Experimental sleep deprivation has been linked to glucose dysregulation, but the effects of chronic lack of sleep on insulin sensitivity in individuals at risk for Type 2 diabetes is unclear.

Penev and team therefore investigated insulin sensitivity and secretion in relation to sleep patterns in 47 nondiabetic, healthy individuals, aged 26 years on average, with a family history of Type 2 diabetes.

The participants completed 13 days of sleep and physical activity monitoring while carrying out their normal routine using wrist actigraphy and waist accelerometry. They were also screened for sleep disorders using laboratory polysomnography.
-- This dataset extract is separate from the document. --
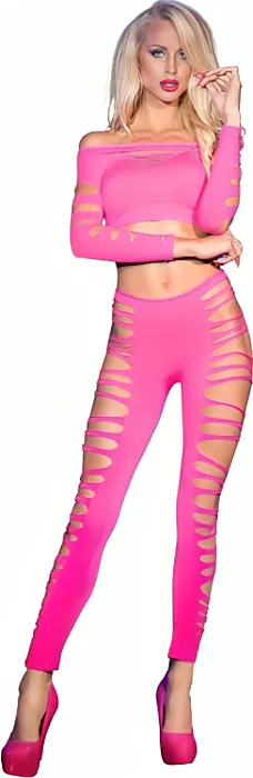 Setti, joka säteilee mukavuutta ja viehättävyyttä strategisesti sijoitettujen aukkojen ansiosta. Tämä Chilirose-toppi ja legginsit, jotka on valmistettu pehmeästä nailonista ja elastaanista, mukautuvat kehoosi, tarjoten liikkumisvapauden ja sensuellin kosketuksen.

A cut-off point of 6 hours/night was used to define whether people were habitually short sleepers or usual sleepers. Glucose metabolism in the 15 participants with the shortest habitual sleep duration (≤6 hours/night) was compared with that of the 15 participants with the longest habitual sleep duration (>6 hours/night).

As reported in the journal Diabetes Care, short sleepers had significantly increased insulin resistance compared with usual sleepers, at an insulin sensitivity index (ISI) score of 7.7 versus 11.4 (with decreased ISI corresponding to increased insulin resistance).

Compensatory hyperinsulinemia was therefore higher in the short sleep group compared with the usual sleep group, at levels of 44 versus 25 pmol/l.

"Future studies are needed to elucidate the link between habitual sleep curtailment as a behavioral risk factor for insulin resistance and increased metabolic morbidity in individuals with a familial predisposition for Type 2 diabetes," conclude Penev et al.